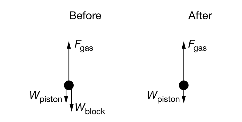 Using Newton’s second law before the block is removed gives \(∑F_{before}=F_{gas}−(W_{piston}+W_{block})=0\)
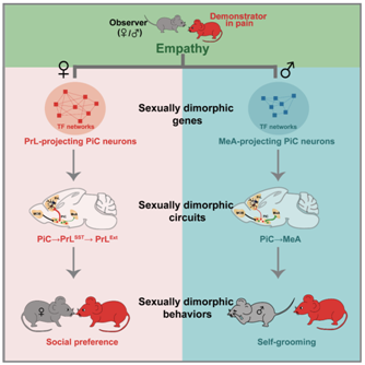 綜合以上結(jié)果,該研究發(fā)現(xiàn),在目睹同伴經(jīng)歷疼痛時,同伴的體液氣味在雌雄小鼠中激活了不同的神經(jīng)環(huán)路;在雌性小鼠中激活的PiC→PrL環(huán)路引起共情性社交親近行為;在雄性小鼠中激活的PiC→MeA環(huán)路引起共情性自我梳理行為。這兩條環(huán)路激活程度的差異由其基因表達模式上的性別差異所致。
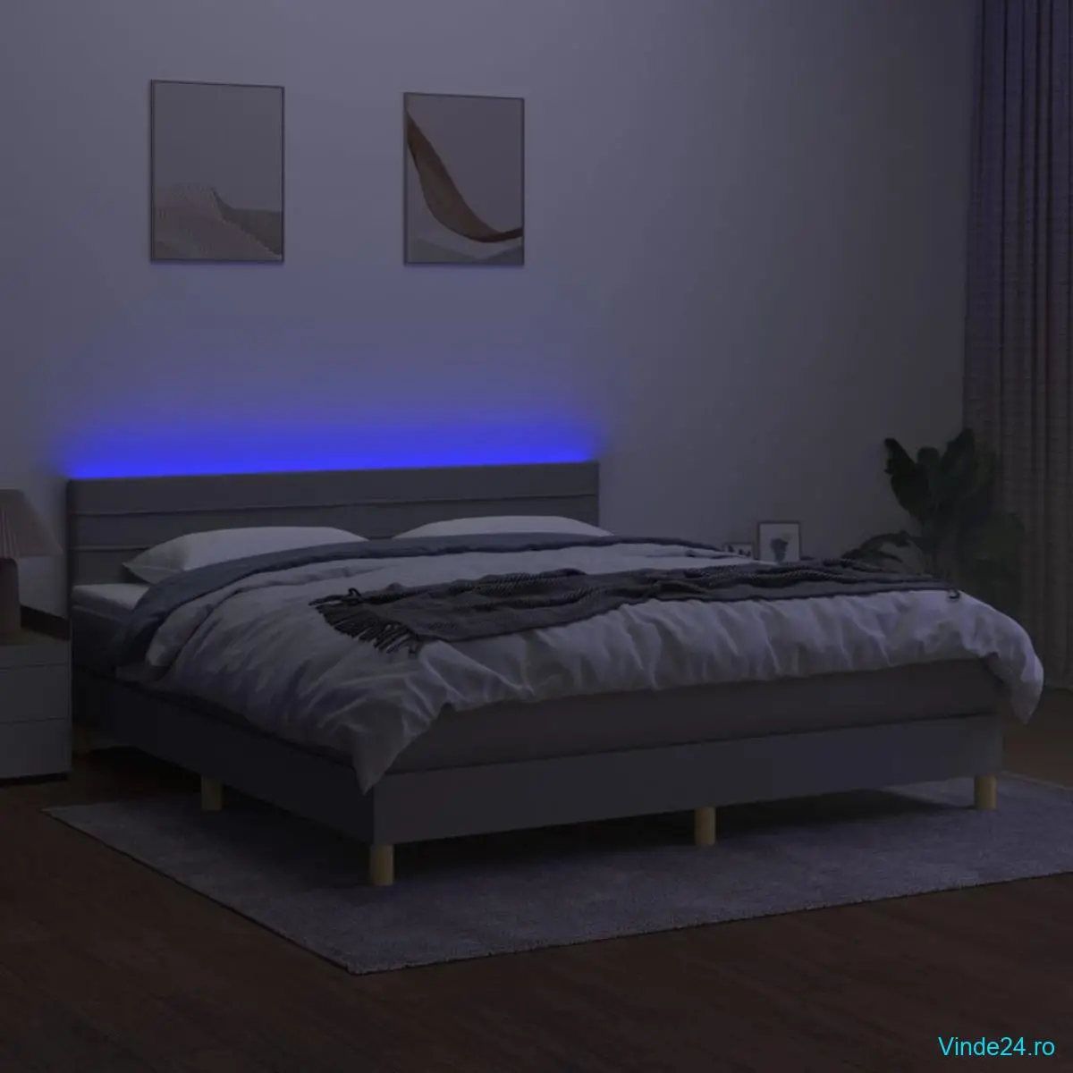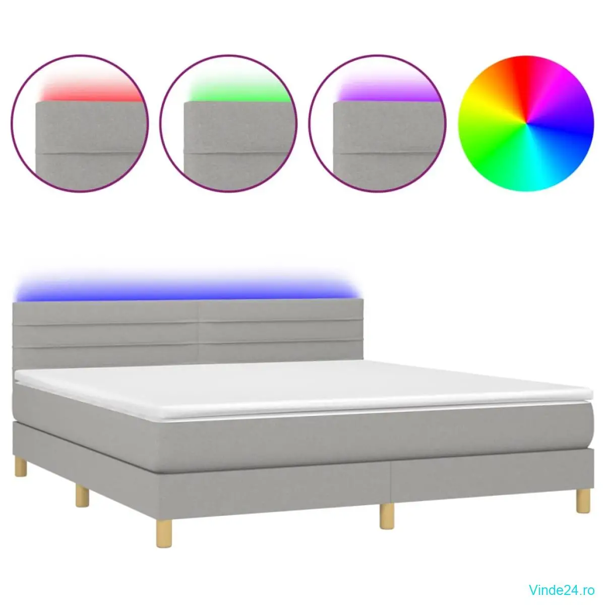 vidaXL Pat cu arcuri, saltea și LED, gri deschis, 180x200 cm, textil
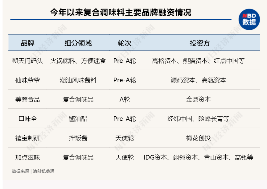 这样一本万利的生意必然会吸引大量一级市场资本闻风而动。高榕资本投资朝天门码头,高瓴天使轮投资了“加点滋味”,经纬中国投资了“口味全”。

■ Problem requirements ■
Give the listing above again word for word, without its pictures.

■ Task solution ■
 Using Newton’s second law before the block is removed gives \(∑F_{before}=F_{gas}−(W_{piston}+W_{block})=0\)
 綜合以上結(jié)果,該研究發(fā)現(xiàn),在目睹同伴經(jīng)歷疼痛時,同伴的體液氣味在雌雄小鼠中激活了不同的神經(jīng)環(huán)路;在雌性小鼠中激活的PiC→PrL環(huán)路引起共情性社交親近行為;在雄性小鼠中激活的PiC→MeA環(huán)路引起共情性自我梳理行為。這兩條環(huán)路激活程度的差異由其基因表達模式上的性別差異所致。
 vidaXL Pat cu arcuri, saltea și LED, gri deschis, 180x200 cm, textil
 这样一本万利的生意必然会吸引大量一级市场资本闻风而动。高榕资本投资朝天门码头,高瓴天使轮投资了“加点滋味”,经纬中国投资了“口味全”。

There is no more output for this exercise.